La PPL devrait être votée par les groupes RN, UDR, LR, Renaissance et Horizons. Les élus Modem, eux, ne voteront pas un « texte mal embarqué qui dessert la cause qu’il entend défendre », selon les mots de la députée Perrine Goulet. Mais cela devrait suffire à obtenir une majorité absolue de plus de 300 voix – d’autant que le choix d’un vote solennel, demandé par le président du groupe Renaissance, Gabriel Attal, devrait permettre de s’assurer que tous les bancs soient pleins ce jour-là. « L’émergence d’un bloc du RN à Renaissance en faveur de la loi fait la démonstration qu’il ne s’agit pas d’une loi de lutte contre l’antisémitisme, mais d’une loi des soutiens à la politique d’Israël », juge Elsa Faucillon.
Le Sénat, dominé par la droite, ne devrait pas s’y opposer. À voir si le Conseil constitutionnel laissera passer un texte contrevenant potentiellement à la jurisprudence de la Cour européenne des droits de l’homme sur la liberté d’expression, comme le pointent de nombreux juristes…
Portant le nom de la députée macroniste Caroline Yadan (élue dans la circonscription des Français de l’étranger incluant Israël), la PPL vise en effet explicitement, dans son exposé des motifs, à encadrer la critique de la politique israélienne en considérant que de nombreux propos antisionistes relèvent de l’antisémitisme. Toutefois, les articles tels qu’ils sont rédigés ne font aucune mention à l’État israélien, et ont donc une portée plus générale. D’abord, ils punissent les « provocations ou apologies, même implicites, du terrorisme », terme flou laissant le champ libre à l’interprétation des juges (lire l’entretien page 2).
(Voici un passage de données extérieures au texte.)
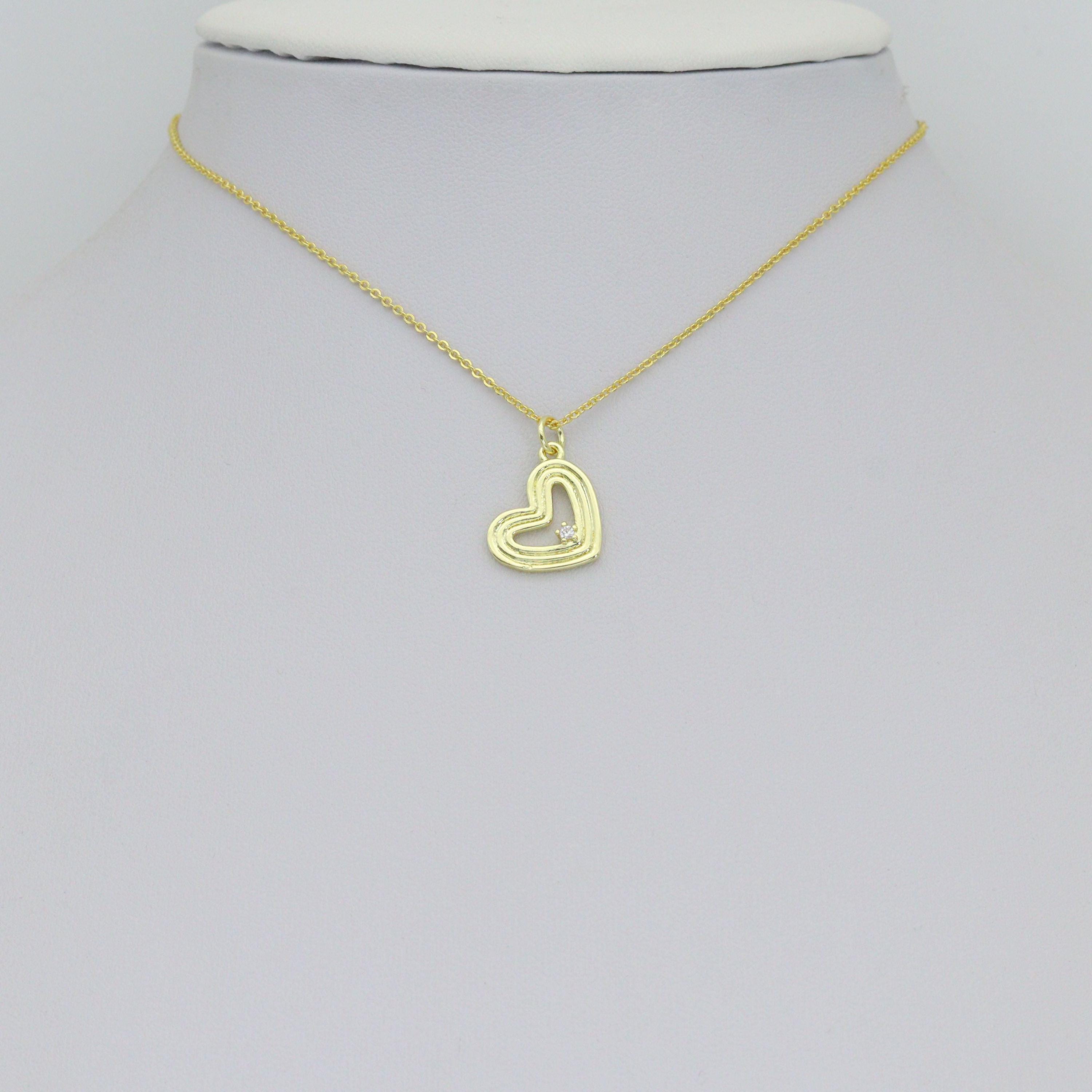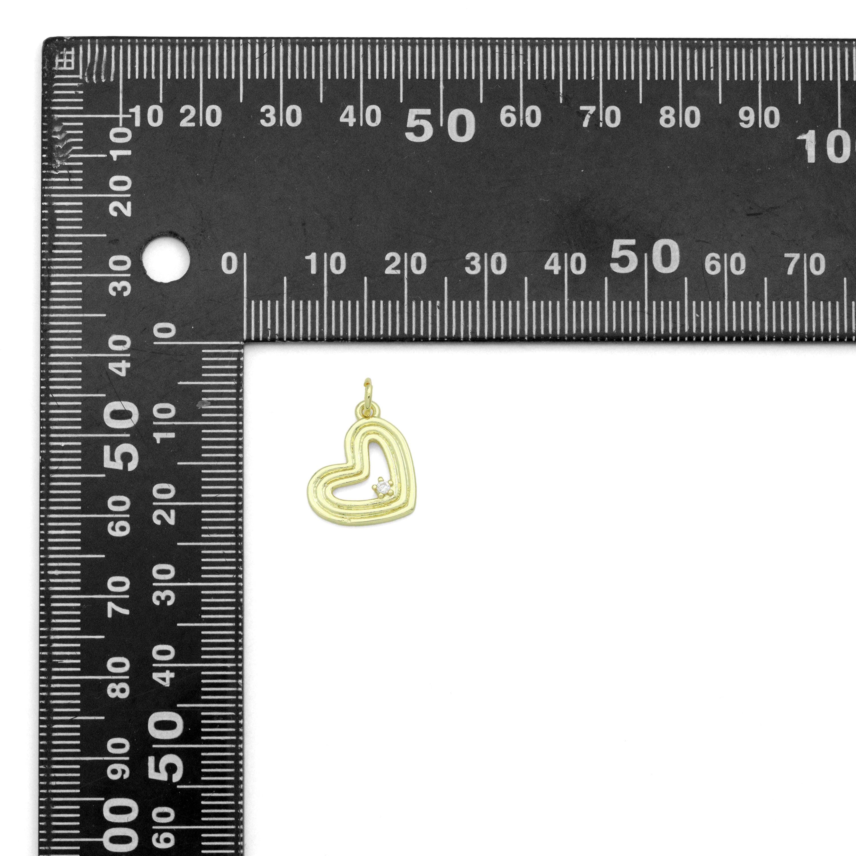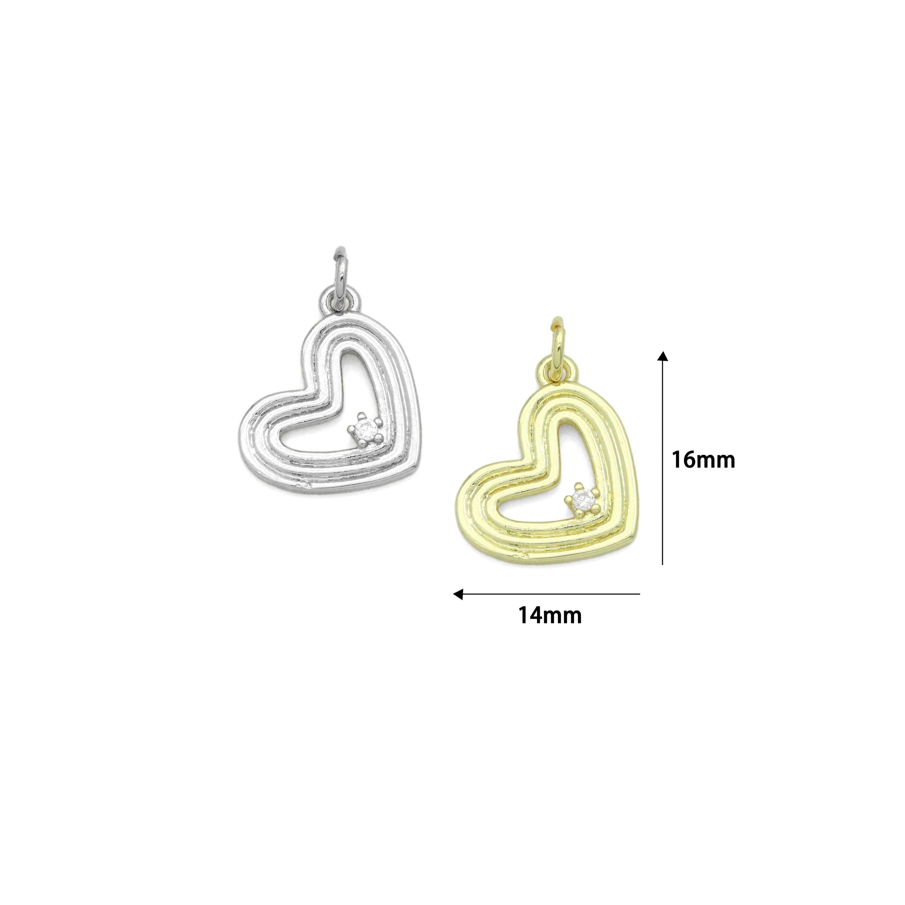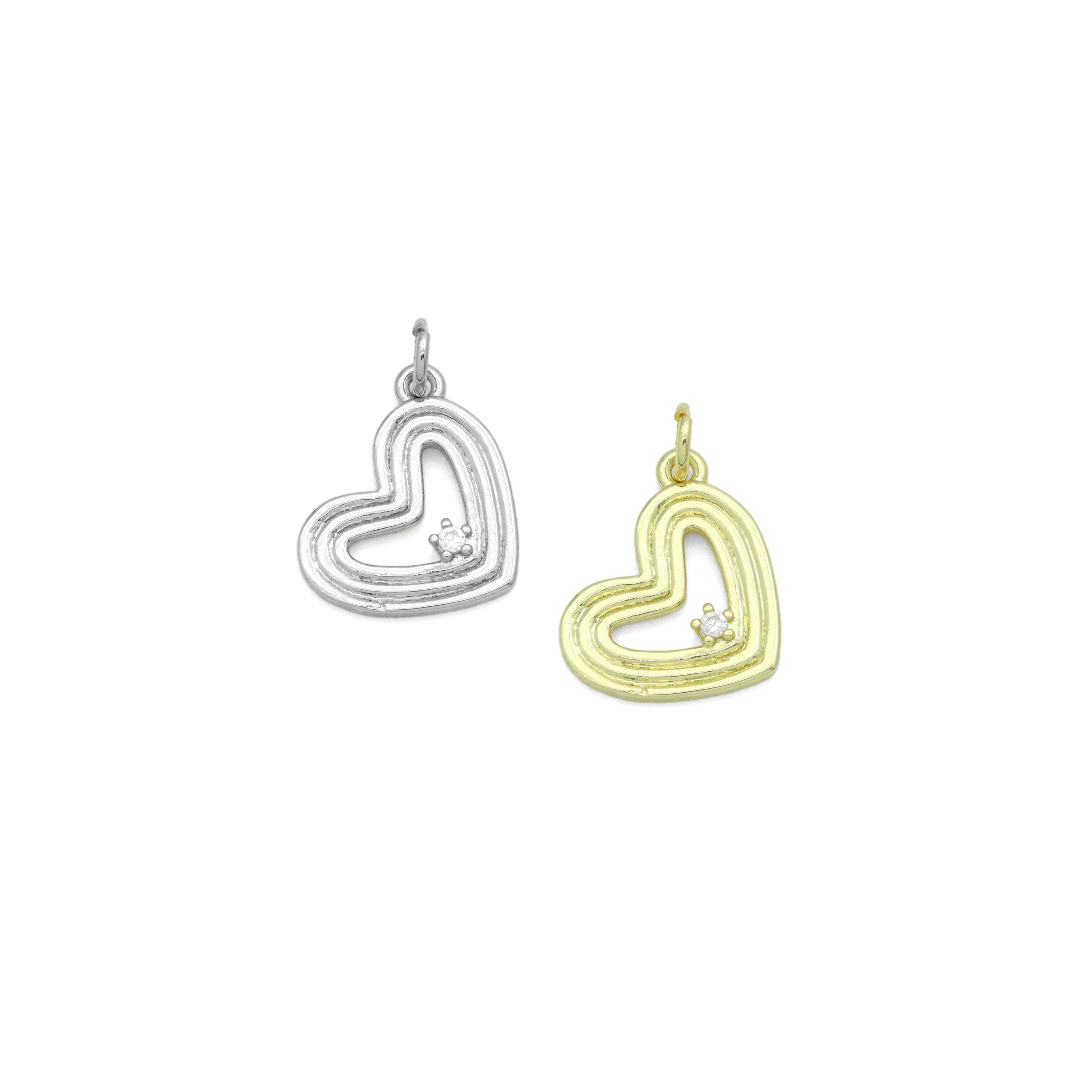 Clear CZ Gold Silver Fluted Heart Charm Pendant, Sku#LX943

Condamner des slogans pro-palestiniens
Ensuite, le texte entend sanctionner le « fait de provoquer publiquement à la destruction d’un État reconnu par la République française ». Caroline Yadan n’a pas caché son intention de faire condamner ici pour antisémitisme des slogans pro-palestiniens comme « De la mer au Jourdain », qui relève selon elle de la volonté de voir disparaître Israël. Là encore, la rédaction de l’article suppose un champ d’application plus large.
Exemple par l’absurde : réclamer la réunification des deux Corées, et donc la disparition d’un des deux États, pourrait virtuellement conduire à être condamné… au nom de la lutte contre l’antisémitisme. Dans une première mouture, le texte prévoyait même de condamner ceux qui nient l’existence d’un État reconnu par la France, mais ce passage a été judicieusement retiré : Caroline Yadan, opposée à la reconnaissance de l’État de Palestine, serait tombée sous le coup de sa propre loi.
Enfin, le texte prévoit d’élargir la loi Gayssot sur les propos négationnistes. « Constitue une contestation (de la Shoah) une négation, une minoration ou une banalisation outrancière », peut-on y lire. Qu’est-ce qu’une banalisation outrancière, du point de vue du droit ? Là encore, la formulation floue laisse le champ libre à l’arbitraire des juges.
« La comparaison de l’État d’Israël au régime nazi serait sanctionnée comme une banalisation outrancière de la Shoah », proposait, dans sa première version, la PPL Yadan, avant que le « délit de comparaison » ne soit supprimé lui aussi lors de l’examen du texte en commission. Ce qui n’a pas empêché la ministre en charge de la Lutte contre les discriminations, Aurore Bergé, de sous-entendre que cela permettrait de poursuivre ceux qui emploient le terme de « génocidaires » pour désigner les soutiens à la politique israélienne.